Hello! I have this "Segmentation fault" problem. I have php 8.1.6 with [opcache.jit = 1255] In my case it fails every time I make changes to the code of my app with an editor and save them!!! To make it work again I have to make a change (it can be a simple white space) in the code, with this the application works again...until the next change! PS: haven't tested with [opcache.jit = 1205] yet

usefksa commented 2 years ago

Hello, We also have the same problem. It happened totally random. If we run 10 servers, one of them will have the bug.
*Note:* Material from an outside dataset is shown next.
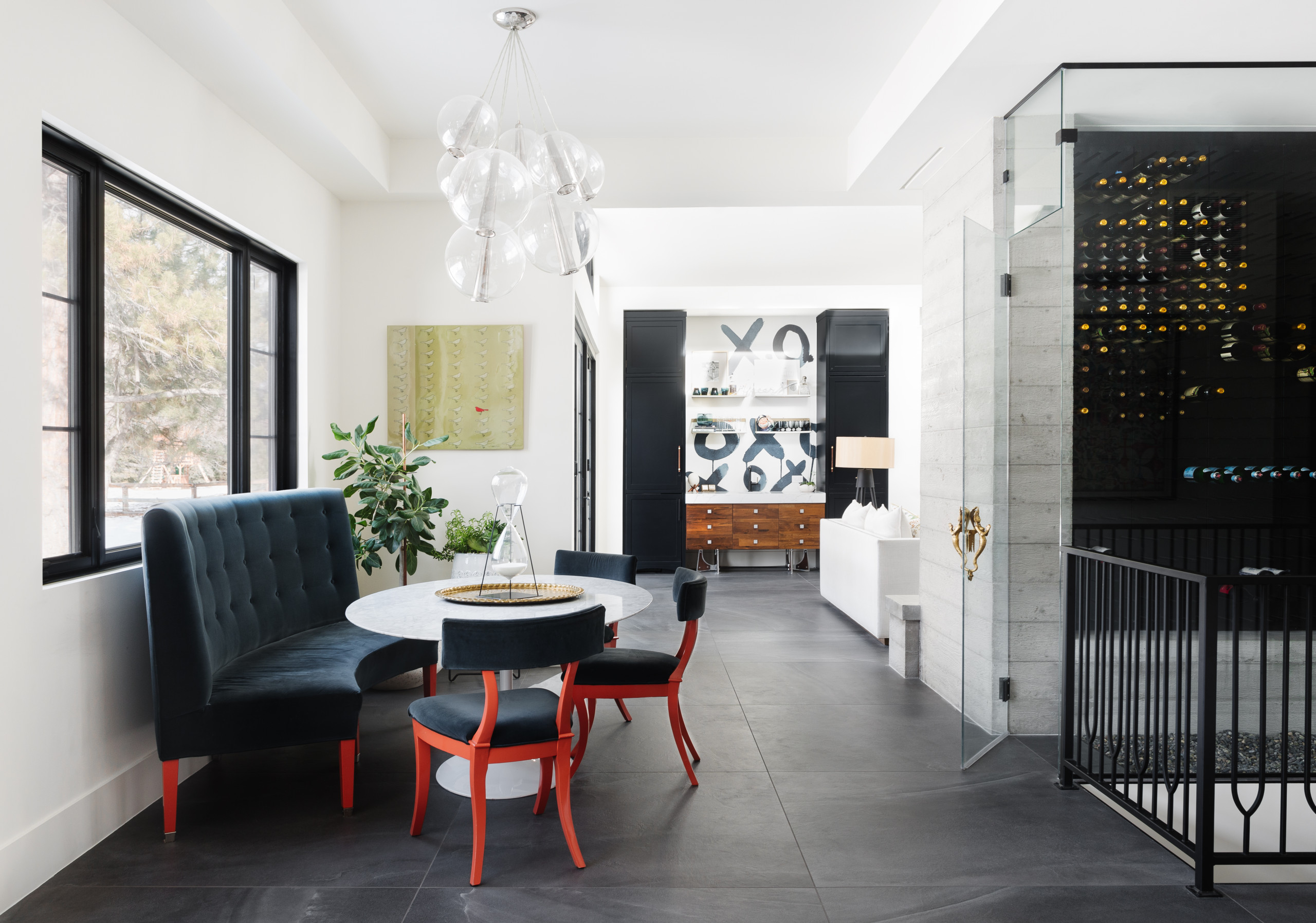 Beyond the fireplace, a bubble-like glass chandelier over the dining table draws people into the next space and toward the next surprise.

cappadaan commented 2 years ago

Issue seems fixed after updating to 8.1.7

our setting: opcache.jit=1255

nursoda commented 2 years ago

I still have this issue with 8.1.7 and opcache.jit=1255: After server reboot, one or more of my nextcloud instances constantly segfault/coredump. Setting opcache.jit from 1255 to 1205 reduces the impact but I still see two coredumps upon server restart. After commenting out opcache.jit and opcache.jit_buffer_size (assuming that disables JIT), I have no coredumps upon reboot. If I get some upon later reboots, I shall report here.

chelsEg commented 2 years ago

@cappadaan for my project issue not fixed after updating to 8.1.7

cappadaan commented 2 years ago

We indeed have experienced 1 segfault up till now, seems not 100% fixed

oleg-st commented 2 years ago

One fix was made in 8.1.7 (#8461), the second in 8.1.8 (#8591). The third related issue #8642 has not yet been fixed.

nicrame commented 2 years ago

For me

php81 -v

PHP 8.1.7 (cli) (built: Jun 7 2022 18:21:38) (NTS gcc x86_64) Copyright (c) The PHP Group Zend Engine v4.1.7, Copyright (c) Zend Technologies with Zend OPcache v8.1.7, Copyright (c), by Zend Technologies

In 10-opcache.ini i got: opcache.jit_buffer_size=0 opcache.jit=0 But it still crash: Jun 28 07:43:52 Love-NAS kernel: traps: php-fpm[5596] general protection fault ip:7ff464b6887c sp:7fffac4a98f0 error:0 in opcache.so[7ff464b4c000+e3000]

stissot commented 2 years ago

We had the same Opcache segmentation fault this morning on a server running PHP-fpm 8.1.8 and the following configuration. It completely filled up the system memory and swap. A php-fpm restart was needed.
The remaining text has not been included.